Après des milliers de pages tournées et de récits compulsés, Virginie Soula l’affirme : « Il y a une appropriation de la littérature écrite par les Kanak et les Calédoniens de manière générale alors que la France coloniale n’attendait pas que cet archipel, constitué d’un bagne et de réserves indigènes, soit capable de développer une littérature propre. »
Après plusieurs années à Paris qui ont définitivement marqué sa vision du monde, Virginie Soula est rentrée en Nouvelle-Calédonie. La terre qui l’a vu naître. « Je voulais renouveler le lien, m’investir sur place, me rapprocher des textes et auteurs. J’étais un peu frustrée en métropole. »

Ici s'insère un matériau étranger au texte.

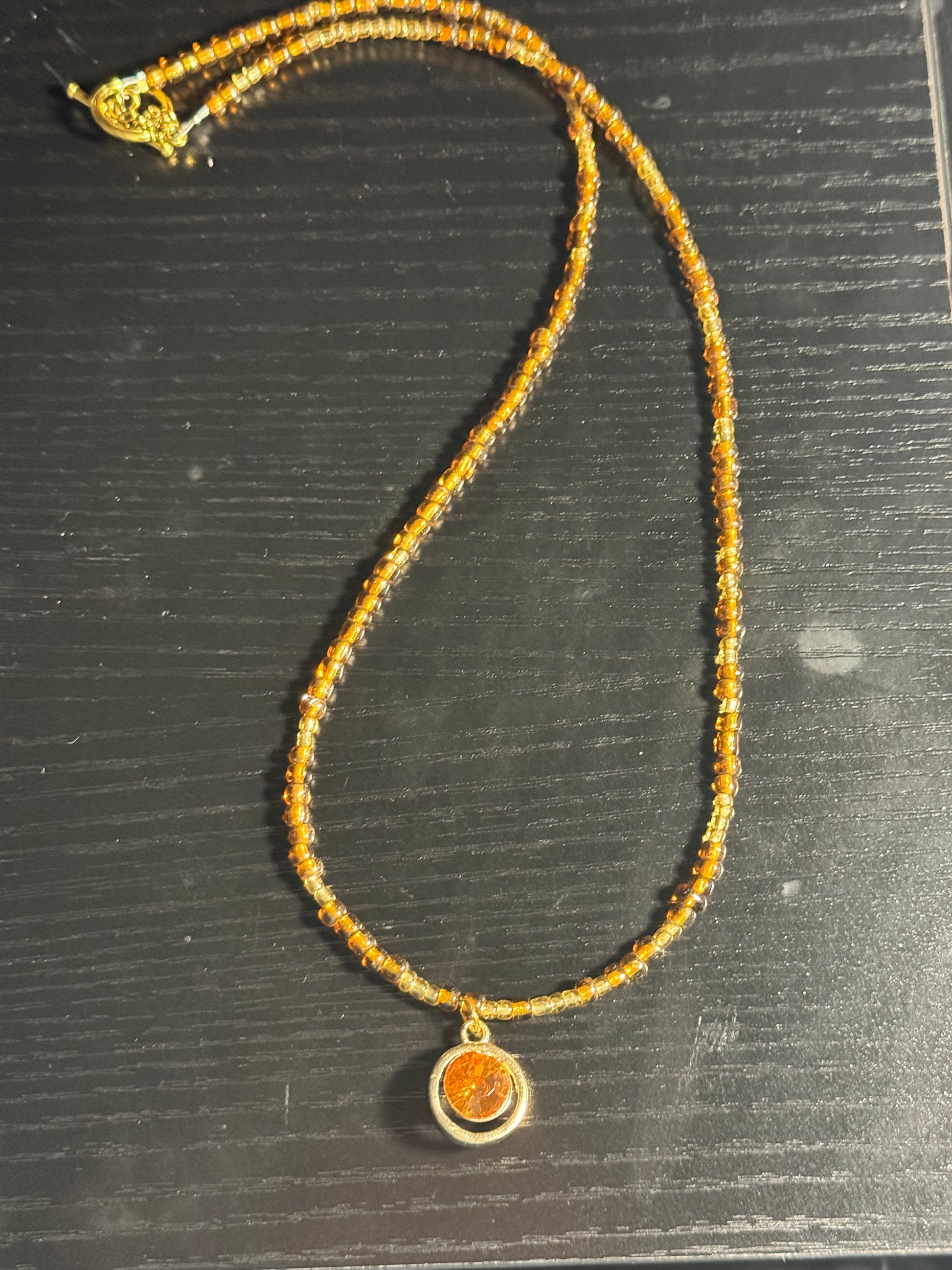 Simple but classy necklace with faux crystal pendant. Made with flexible beading wire and nickel free hardware.

Sur le Cailloux, elle avance sur ses deux chemins. Elle constate aussi, « que l’on ne peut plus rester isolés, où que l’on vive, même au milieu de l’océan Pacifique en Nouvelle-Calédonie. On n’échappe pas à la mondialisation pour le meilleur et pour le pire. » Depuis les premiers échanges, entre les différents mondes, les liens sont indéfectibles. Ils apportent de la violence et de l’incompréhension mais les rencontres, quand elles sont une reconnaissance, peuvent aussi faire naître de nouvelles idées, de nouvelles pensées, de nouvelles matières qui sont autant de richesses à partager.

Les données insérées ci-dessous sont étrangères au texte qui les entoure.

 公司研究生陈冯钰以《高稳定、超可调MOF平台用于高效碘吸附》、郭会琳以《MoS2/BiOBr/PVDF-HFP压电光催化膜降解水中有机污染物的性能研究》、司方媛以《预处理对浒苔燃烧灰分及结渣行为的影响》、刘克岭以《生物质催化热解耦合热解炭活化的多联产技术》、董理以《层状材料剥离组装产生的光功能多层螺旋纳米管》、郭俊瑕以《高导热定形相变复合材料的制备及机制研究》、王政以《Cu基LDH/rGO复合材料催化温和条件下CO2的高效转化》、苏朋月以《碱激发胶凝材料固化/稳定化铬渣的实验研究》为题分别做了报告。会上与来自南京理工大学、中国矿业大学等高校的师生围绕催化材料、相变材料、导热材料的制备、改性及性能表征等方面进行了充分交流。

Histoire littéraire de la Nouvelle- Calédonie
Ed. Karthala (2014)
La Nouvelle-Calédonie est un territoire littéraire invisible malgré son appartenance au vaste océan de la francophonie. Discrétion ou marginalisation ? La littérature calédonienne existe pourtant. Elle est le produit d’une histoire singulière : celle d’une terre mélanésienne qui deviendra colonie pénitentiaire, Territoire d’outre-mer, collectivité « sui generis »… Cette histoire littéraire de la Nouvelle-Calédonie permet de comprendre comment l’écriture en français, « transportée » par la colonisation dès 1853, fait souche et se développe jusqu’à révéler un champ littéraire propre. Elle tente de saisir comment cette externalisation de la production de la littérature métropolitaine s’enracine dans le terreau calédonien pour relayer l’apparition et l’exacerbation des consciences identitaires calédonienne et kanak, puis leur dépassement dans l’engagement de bon nombre d’auteurs dans le processus de « destin commun ».